● **Collected material**:

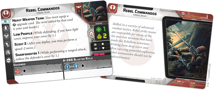 This is especially true of the Rebel Alliance, who lack the numbers to face down legions of Imperial troops in open battle. For them, a team of operatives working on the fringes of a battle can assist more traditional troops by making use of unorthodox tactics to disrupt Imperial operations.
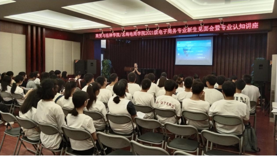 为加强2021级电子商务专业新生对本专业的认识,尽快完成高中生到大学生的学习方式过渡,9月17日18:00,2021级电子商务专业新生见面会暨电商专业认知讲座顺利举行。电子商务教研室申茜、周莹,名淘电商学院教师赵梓涪、王金洵、辅导员许承婷老师、全体电子商务专业在校新生参加了活动。活动由电子商务教研室主任申茜老师主持。
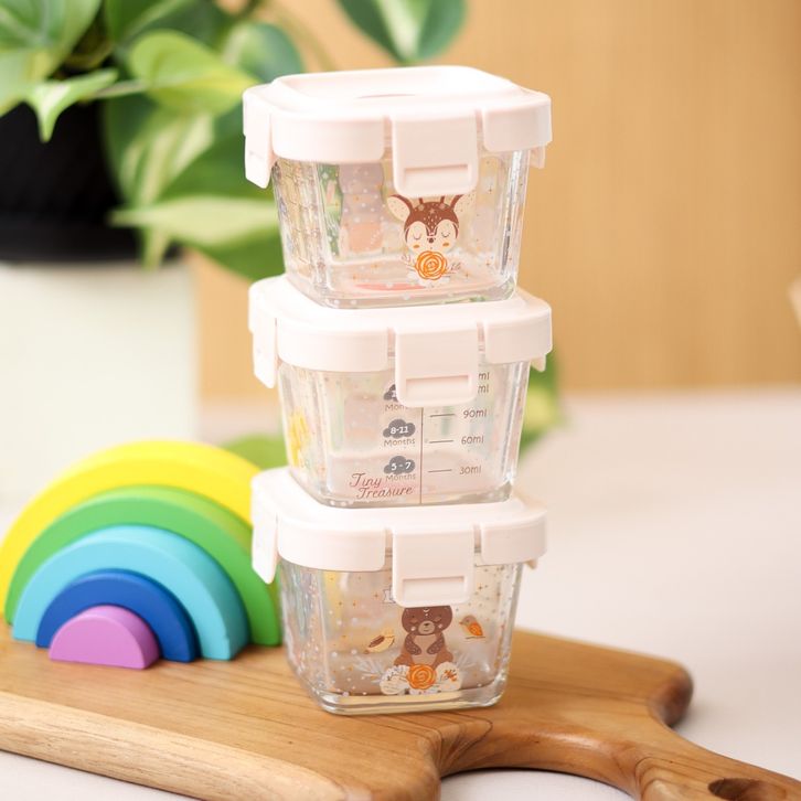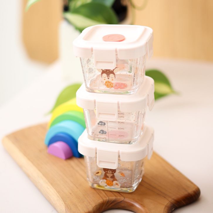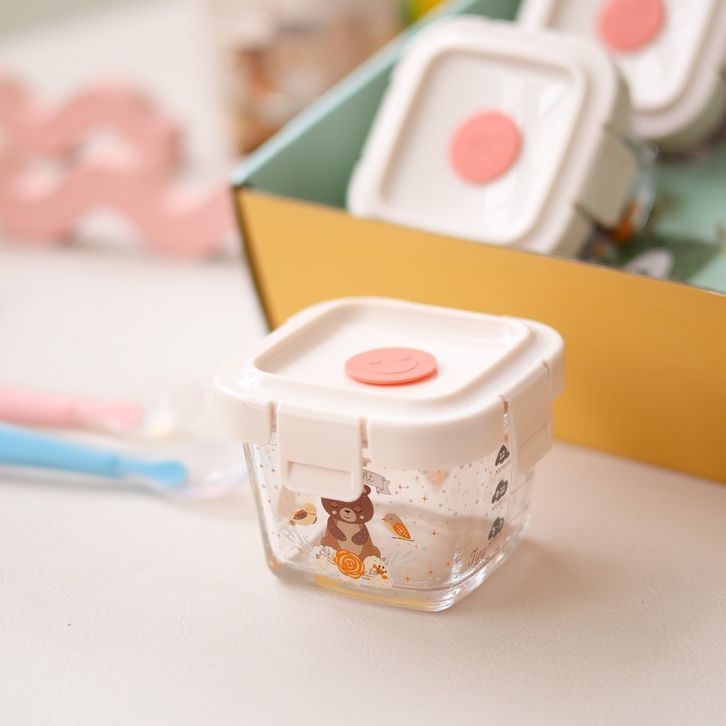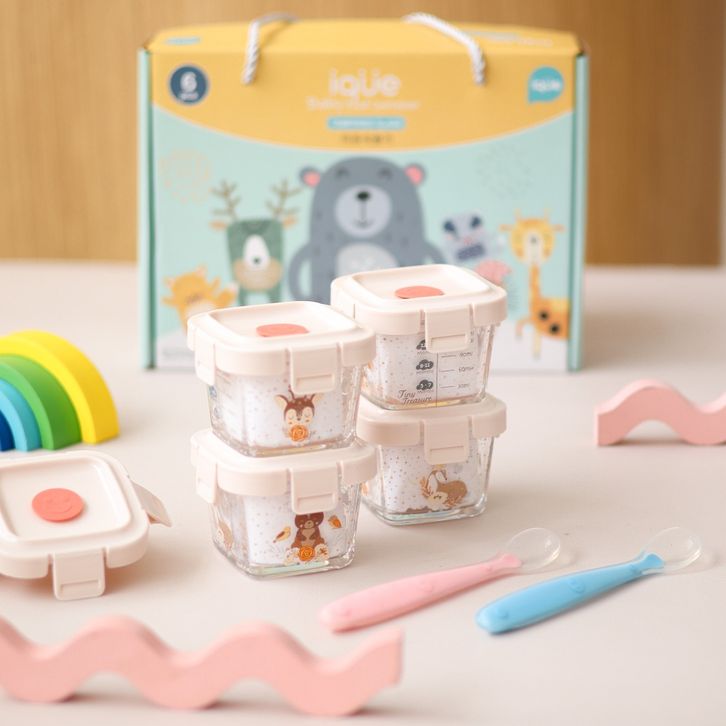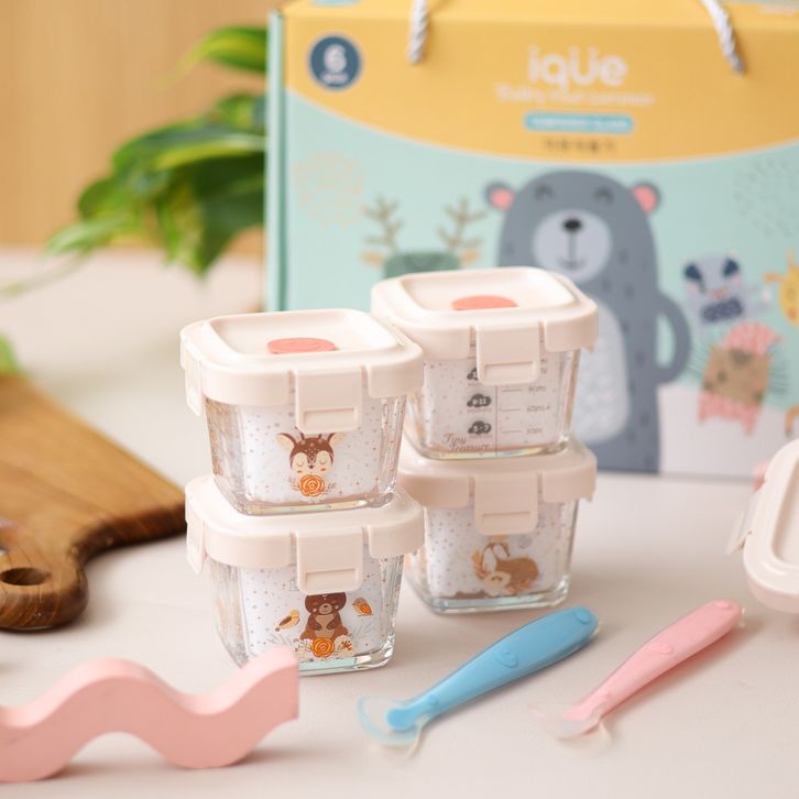 Tempat Mpasi Kaca 6 in 1 & 4 in 1 Set Kado Lahiran Bayi + Sendok Mpasi Silicon Bayi / Hampers Baby Gift Set

● **What you have to do**:
Return the listing verbatim, pictures omitted.

● **Written solution**:
 This is especially true of the Rebel Alliance, who lack the numbers to face down legions of Imperial troops in open battle. For them, a team of operatives working on the fringes of a battle can assist more traditional troops by making use of unorthodox tactics to disrupt Imperial operations.
 为加强2021级电子商务专业新生对本专业的认识,尽快完成高中生到大学生的学习方式过渡,9月17日18:00,2021级电子商务专业新生见面会暨电商专业认知讲座顺利举行。电子商务教研室申茜、周莹,名淘电商学院教师赵梓涪、王金洵、辅导员许承婷老师、全体电子商务专业在校新生参加了活动。活动由电子商务教研室主任申茜老师主持。
 Tempat Mpasi Kaca 6 in 1 & 4 in 1 Set Kado Lahiran Bayi + Sendok Mpasi Silicon Bayi / Hampers Baby Gift Set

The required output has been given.